I am trying to update DataFrame column names if a substring exists within the column name, however I only need to update the substring, retaining all information either side of it.
Example:
import pandas as pd
lookup = [('abc_param_one_new', 'param_one'),
('abc_param_two_new', 'param_two'),
('abc_param_three_new', 'param_three')]
d = {'p1_abc_param_ONE_new1': [1,2],
'p2_abc_param_one_new2': [45,3],
'p3_abc_Param_One_new3': [76,5],
'p4_abc_param_two_new1': [4321,6],
'p5_abc_param_Two_new2': [3,2],
'p6_abc_param_THREE_new1': [6,5]}
df = pd.DataFrame(d)
# make all lowercase
df.columns = [x.lower() for x in df.columns]

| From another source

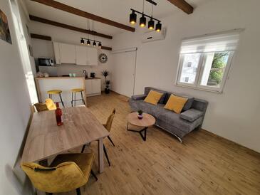 Appartamento può accogliere 6 ospiti. I letti sono disposti nelle camere da letto che sono 2, e nella camera di soggiorno, su 43m2. Gli ospiti hanno a disposizione il proprio terrazzo per godere nelle calde serate estive. Dall'appartamento si gode di una vista sul mare. Nell'unità di alloggio si possono portare gli animali domestici con un pagamento supplementare.

I am trying to use the lookup var (this could be a different format though) to search and replace the substring within each column name.
e.g.
'p1_abc_param_ONE_new1' -> 'p1_param_one1'
I can do this primitively looping over the lookup and the checking for each column header, but can't manage to replace the substring.
Additionally it feels that the nested loop approach is not very efficient. Is there a more pythonic way to do this perhaps using built in pandas methods and/or list comprehensions?
CodePudding user response:
You can use a regex and str.replace
:
dic = dict(lookup)
pat = '|'.join(dic)
df.columns = df.columns.str.replace(pat, lambda x: dic.get(x.group(0)), regex=True)
output (df.columns
):
Index(['p1_param_one1', 'p2_param_one2', 'p3_param_one3', 'p4_param_two1',
'p5_param_two2', 'p6_param_three1'],
dtype='object')
CodePudding user response:
You can use series.replace
with replacement dictionary
repl = {fr'(?i){k}': v for k, v in lookup}
df.columns = df.columns.to_series().replace(repl, regex=True)
p1_param_one1 p2_param_one2 p3_param_one3 p4_param_two1 p5_param_two2 p6_param_three1
0 1 45 76 4321 3 6
1 2 3 5 6 2 5